__WHAT YOU ARE ASKED TO DO__. Copy word for word, please, the lines of the entries below running from the one containing "Form eines Blattes" to the one containing "Перетяжка кожаного дивана", both ends included.
[GIVEN DATA — start]
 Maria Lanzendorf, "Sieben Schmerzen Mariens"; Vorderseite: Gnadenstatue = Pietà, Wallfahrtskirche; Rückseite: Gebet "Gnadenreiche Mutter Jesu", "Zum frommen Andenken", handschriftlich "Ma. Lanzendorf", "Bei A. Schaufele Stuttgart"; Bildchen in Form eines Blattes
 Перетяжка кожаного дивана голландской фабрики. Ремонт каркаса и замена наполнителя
[GIVEN DATA — finish]
[GIVEN DATA — start]
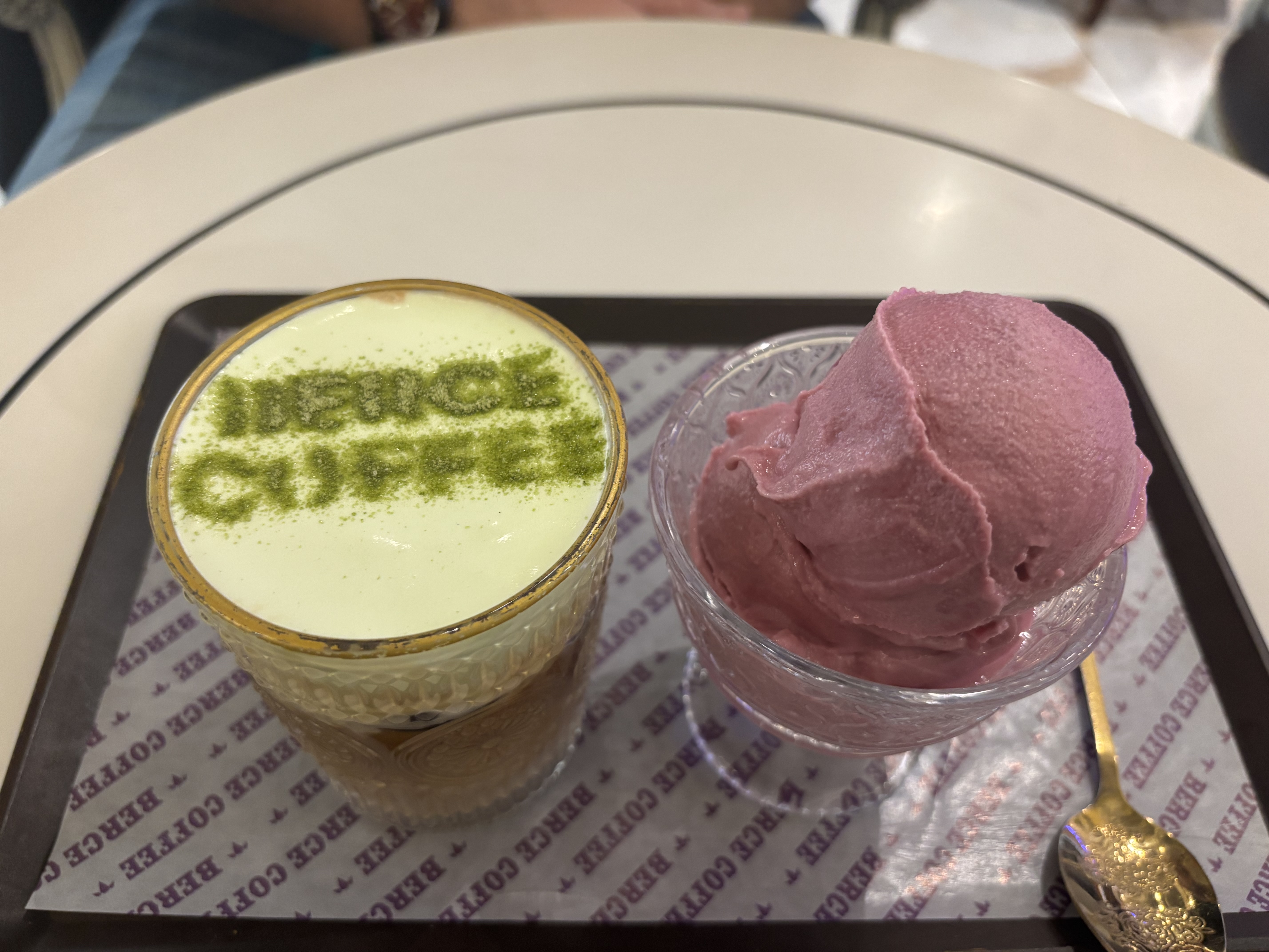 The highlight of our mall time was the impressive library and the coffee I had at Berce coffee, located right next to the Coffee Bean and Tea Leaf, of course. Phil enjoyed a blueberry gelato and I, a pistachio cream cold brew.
[GIVEN DATA — finish]
[GIVEN DATA — start]
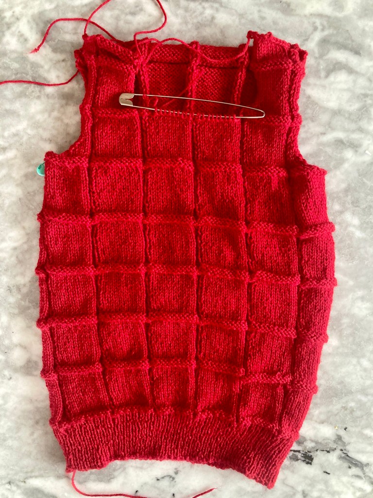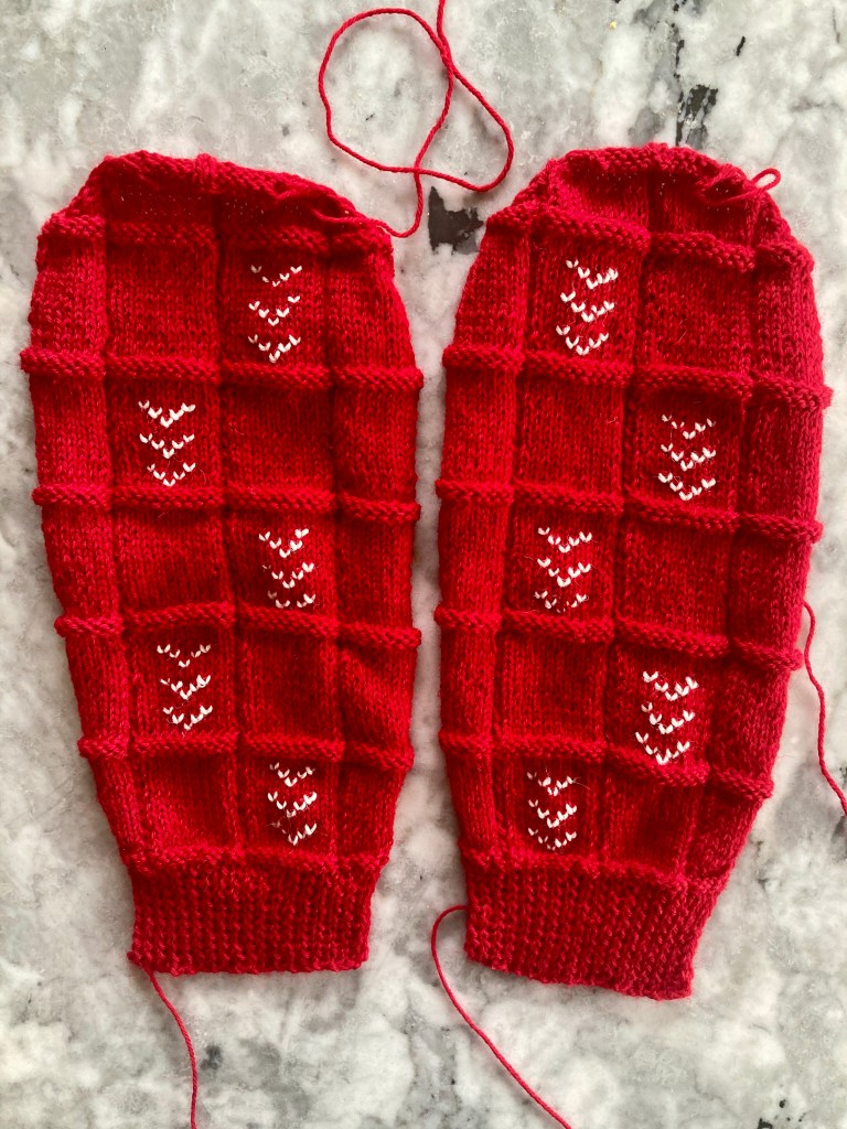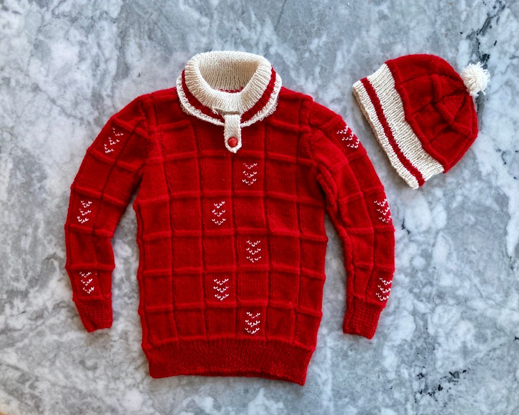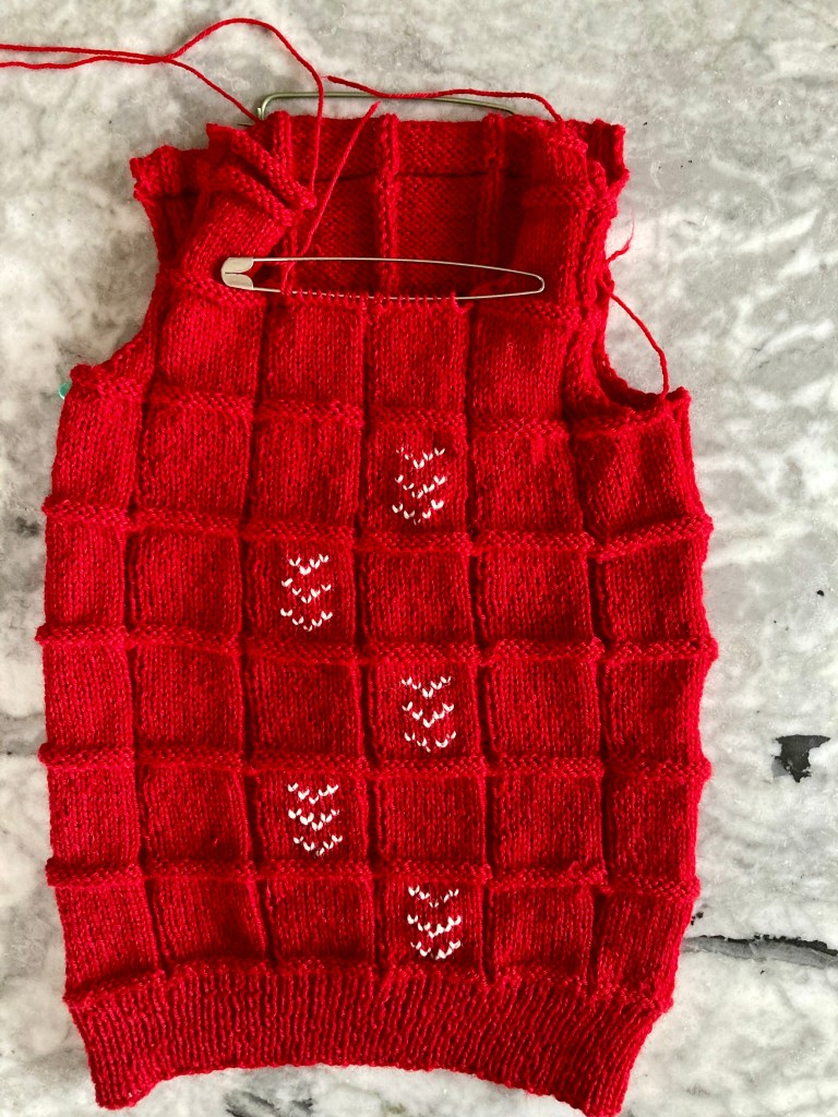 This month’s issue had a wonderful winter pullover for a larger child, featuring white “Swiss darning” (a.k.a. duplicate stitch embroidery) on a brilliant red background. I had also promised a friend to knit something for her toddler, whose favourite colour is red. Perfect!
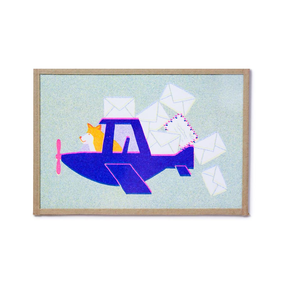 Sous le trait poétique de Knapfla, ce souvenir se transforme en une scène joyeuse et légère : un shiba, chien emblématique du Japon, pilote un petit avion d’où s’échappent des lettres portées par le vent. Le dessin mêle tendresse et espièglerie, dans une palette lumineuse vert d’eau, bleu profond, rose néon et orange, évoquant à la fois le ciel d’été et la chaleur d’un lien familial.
[GIVEN DATA — finish]
__OUTPUT__.
 Maria Lanzendorf, "Sieben Schmerzen Mariens"; Vorderseite: Gnadenstatue = Pietà, Wallfahrtskirche; Rückseite: Gebet "Gnadenreiche Mutter Jesu", "Zum frommen Andenken", handschriftlich "Ma. Lanzendorf", "Bei A. Schaufele Stuttgart"; Bildchen in Form eines Blattes
 Перетяжка кожаного дивана голландской фабрики. Ремонт каркаса и замена наполнителя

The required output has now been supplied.